| Work order |
Search the listing below for the line containing "Zwei Kernsätze vor und nach der Reparatur". From there through the line containing "Wir bieten Ihnen", transcribe every line exactly, both ends included.

| Material shown |

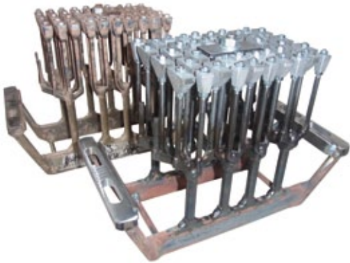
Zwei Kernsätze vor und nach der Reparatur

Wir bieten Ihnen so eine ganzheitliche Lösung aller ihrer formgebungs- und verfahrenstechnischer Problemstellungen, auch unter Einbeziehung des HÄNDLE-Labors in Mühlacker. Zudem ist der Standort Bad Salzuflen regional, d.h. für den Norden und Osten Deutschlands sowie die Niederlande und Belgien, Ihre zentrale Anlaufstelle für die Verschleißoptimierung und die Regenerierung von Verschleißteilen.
...
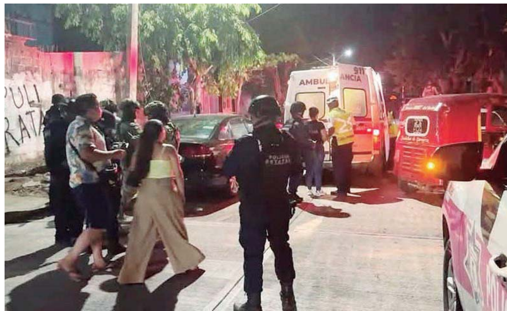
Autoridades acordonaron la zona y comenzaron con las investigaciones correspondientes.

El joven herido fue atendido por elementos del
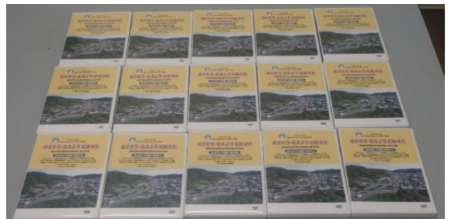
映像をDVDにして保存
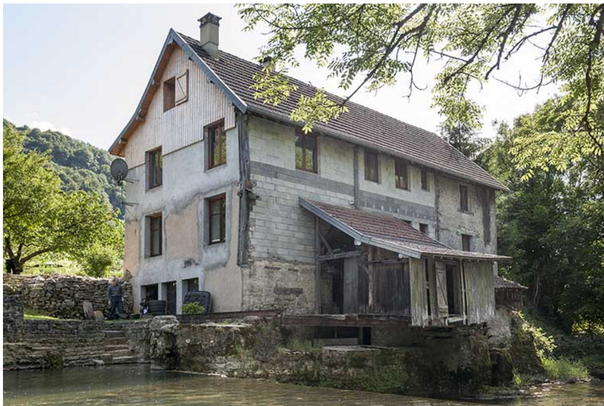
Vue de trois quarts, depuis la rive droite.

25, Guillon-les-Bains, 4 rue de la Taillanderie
==
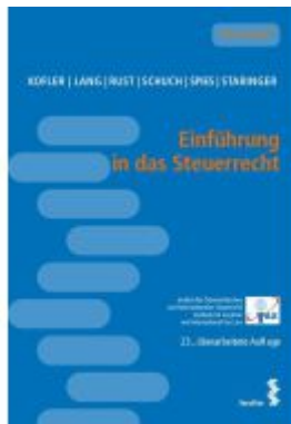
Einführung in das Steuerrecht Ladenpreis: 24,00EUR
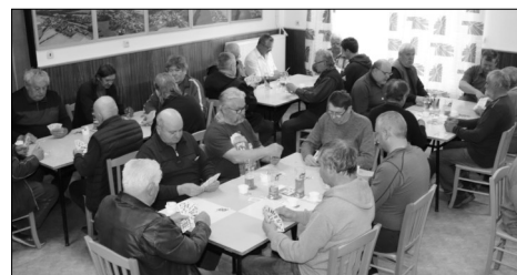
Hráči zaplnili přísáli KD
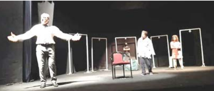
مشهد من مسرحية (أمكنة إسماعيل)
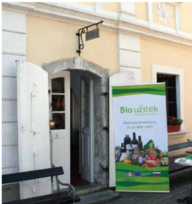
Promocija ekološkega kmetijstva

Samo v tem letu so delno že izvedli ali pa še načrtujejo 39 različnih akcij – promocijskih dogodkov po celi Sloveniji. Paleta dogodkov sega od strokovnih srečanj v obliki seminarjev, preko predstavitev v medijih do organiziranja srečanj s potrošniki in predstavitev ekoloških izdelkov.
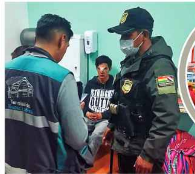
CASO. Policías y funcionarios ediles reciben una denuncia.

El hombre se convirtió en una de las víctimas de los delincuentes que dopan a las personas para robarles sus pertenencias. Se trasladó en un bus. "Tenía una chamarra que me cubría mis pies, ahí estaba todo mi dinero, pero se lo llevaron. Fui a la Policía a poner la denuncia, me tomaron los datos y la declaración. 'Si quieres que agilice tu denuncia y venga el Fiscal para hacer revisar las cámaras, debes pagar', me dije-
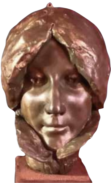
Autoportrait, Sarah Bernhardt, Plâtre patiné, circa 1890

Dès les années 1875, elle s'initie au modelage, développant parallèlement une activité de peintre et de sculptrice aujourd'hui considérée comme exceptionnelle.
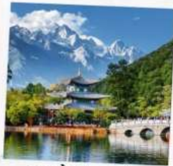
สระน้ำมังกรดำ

| Answer to the problem |
Zwei Kernsätze vor und nach der Reparatur

Wir bieten Ihnen so eine ganzheitliche Lösung aller ihrer formgebungs- und verfahrenstechnischer Problemstellungen, auch unter Einbeziehung des HÄNDLE-Labors in Mühlacker. Zudem ist der Standort Bad Salzuflen regional, d.h. für den Norden und Osten Deutschlands sowie die Niederlande und Belgien, Ihre zentrale Anlaufstelle für die Verschleißoptimierung und die Regenerierung von Verschleißteilen.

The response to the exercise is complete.